Postpartum Can Suck…But It Doesn’t Have To
There, I said it. Bringing home a new baby can be one of the most difficult things you ever do. As a doula, I try and make it my job to keep things upbeat, optimistic and hopeful; no one likes a negative nancy. It is also our job to help you prepare for the reality of labor, birth, and postpartum, so today we are getting real.
Before I became a doula, I became a mother. I, like many of you, am a transplant to the DC area, with no local family and no support network. I loved my baby, and I loved being a mother, but the reality is that postpartum was the most difficult adjustment period of my life, and partly why I am a doula today. If I had known then what I know now, I would have found any way possible to hire long term, expert newborn and mother support. I am sure you are thinking ‘well, she’s biased’. Of course I am! My job is to help and support women and families and I think it would be amazing if everyone could have that kind of non-judgmental support. The thing is, as a doula, I am in this line of work because I see and empathize with every new mother I meet.
I know what it’s like.
I know what it is like to feel heavy with exhaustion.
To have to get up for a 9am pediatrician appointment after not sleeping from 1-6am.
To have my breasts ache with milk and want to avoid nursing on my left side due to a cracked nipple.
To have to choose between seeing my partner, sleeping, eating, showering or letting my baby cry.
To feel confident on good days and overwhelmed on bad ones.
To be happy about losing my baby weight but secretly knowing it is because I don’t have time to eat well.
To sleep next to my baby in bed, not because I want to, but because I would do anything for a nap and it is the only way she would sleep.
To get frustrated at a baby that won’t settle because, well, you don’t know why.
To worry about my partner going back to work and doing it all by myself.
To just want to throw in the towel and say ‘forget it. I need some time away.’
To feel lonely and wish I just had someone to talk to.
To wish someone would say to me ‘ you’re doing amazing. This is normal. You’re feeding your baby, and she is growing and thriving, and that is because of you.’
I know.
Let me let you in on a secret. We can help with all of these things!
When you’re heavy with exhaustion we can help you rest, even if you’re breastfeeding.
When you have a 9am pediatrician appointment we can be there before, during and after.
To know when your breasts ache and you have a cracked nipple, we can help you create a feeding plan.
To NOT have to choose between seeing your partner, sleeping, eating, showering or your baby.
To feel confident on good days and SUPPORTED on bad ones.
To be happy about losing your baby weight because someone is helping you with healthy meals and snacks.
To find healthy sleep patterns for your entire family.
To be able to settle your baby, because, well, you have learned how.
To not have to worry about your partner going back to work and doing it alone.
To just want to throw in the towel and say ‘ forget it. I need some time away’ and hear ‘ I totally understand. How can I help you today.’

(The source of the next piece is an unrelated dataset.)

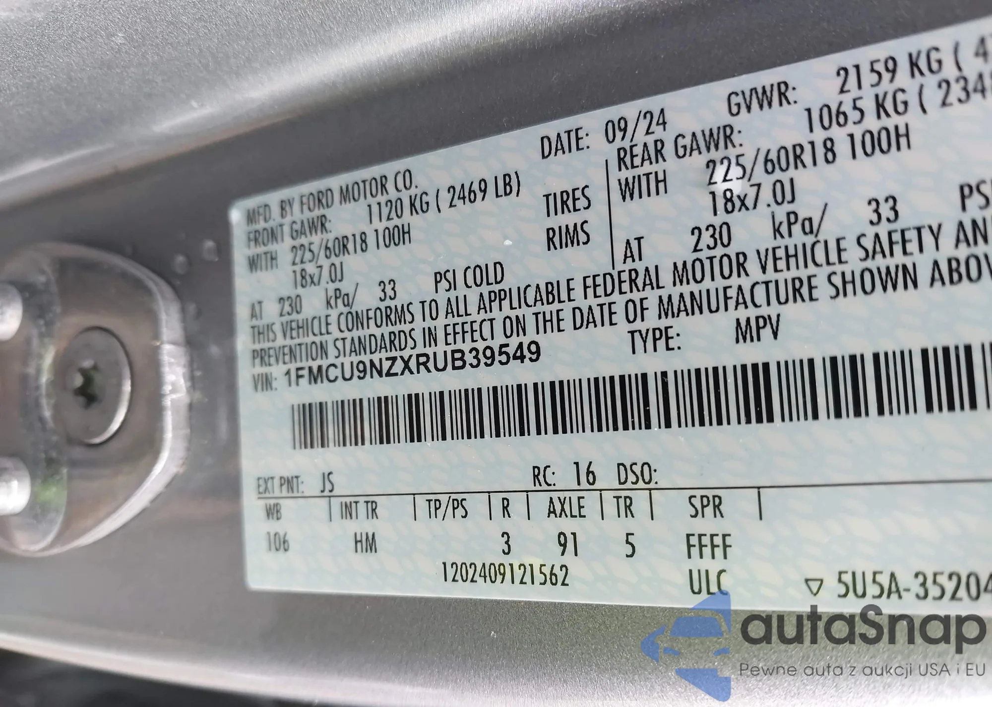 • VIN 1FMCU9NZXRUB39549

To never have to feel lonely.
To hear someone say ‘ you’re doing amazing. This is normal. You’re feeding your baby, and she is growing and thriving, and that is because of you.’
The postpartum period of time is transitional. Think back to a time that was difficult to manage. Maybe you were changing jobs, getting married, moving or dealing with something more stressful, like a loved one’s illness. No one manages those periods well. Throw in little sleep and the overwhelming desire to ‘do well’, and it’s a recipe for postpartum stress, anxiety and maybe depression.

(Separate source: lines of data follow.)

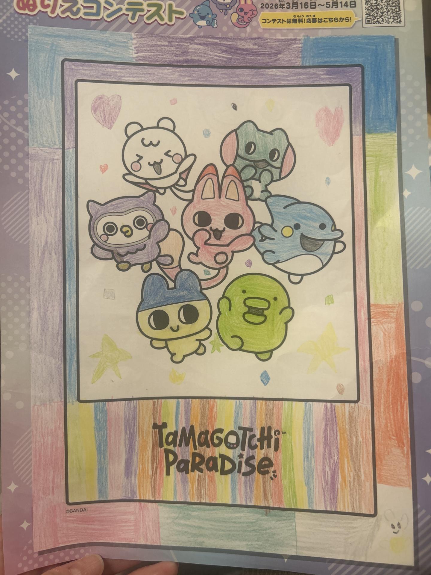 まわりに色をつけてレインボーにしました。 星やハート、ダイヤなど色々な形も書きました。 まめっちとみゃおっちが好きなのではみ出さずに綺麗に塗りました。
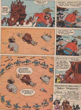 remarques: | 46 pages, édition originale BE, mais couverture 1er plat un peu froissée (album côté Euros 60.- au BDM pour une qualité BE) Lucky Luke est chargé de conduire Billy the Kid de sa prison (il est condamné à 1247 années de travaux forcés) à Bronco Pueblo pour y être jugé d'un autre crime et cette fois pas d'évasion des Dalton, mais Billy the Kid espère bien pouvoir s'évader malgré l'escorte de Lucky Luke durant le voyage après bien des péripéties dont le duel final entre Lucky Luke et Billy the Kid, le procès se finit par une amende de 5.- dollars infligé à Billy the Kid pour mauvais stationnement de son cheval à Bronco Pueblo >> p. 33 les bandits attaquent la diligence et les indiens attaquent les bandits qui attaquent la diligence >> p. 37 la soif insatiable de Billy the Kid après le repas mexicain (enchiladas, tortillas, tacos, tamales et la sauce tabasco) >> un récit assez banal, mais qui a sa portion de charme et toujours un bon graphisme |
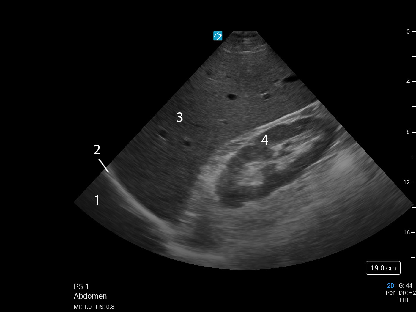 eFAST Right Upper Quadrant (RUQ) View 2 (Sonosite PX P5-1) Image Pleural Space Diaphragm Liver Right Kidney
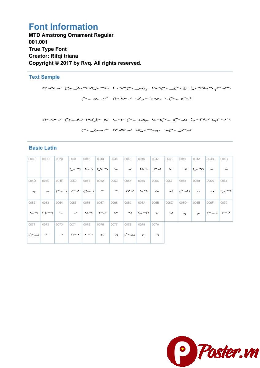 Chào mừng bạn đến với Poster.vn, nơi cung cấp hàng ngàn tài nguyên thiết kế chất lượng cao! Hôm nay, chúng tôi hân hạnh giới thiệu đến bạn một tài nguyên font chữ đặc biệt: MTD Amstrong Ornament. Đây là một font chữ trang trí độc đáo, mang đến vẻ đẹp tinh tế và sang trọng cho mọi dự án thiết kế của bạn. Với những đường nét uốn lượn mềm mại và các chi tiết trang trí cầu kỳ, MTD Amstrong Ornament chắc chắn sẽ làm nổi bật tác phẩm của bạn.

You deserve to enjoy postpartum!
This should be a time to bond with your baby and your new family. You have worked for years and this is the first time you can truly be home and enjoy a well-deserved break, giving you transition time from working woman to working mom. Hiring support doesn’t mean you can’t do it; we know you can! It is choosing to be gentle on yourself, and enjoy the village we have built for you.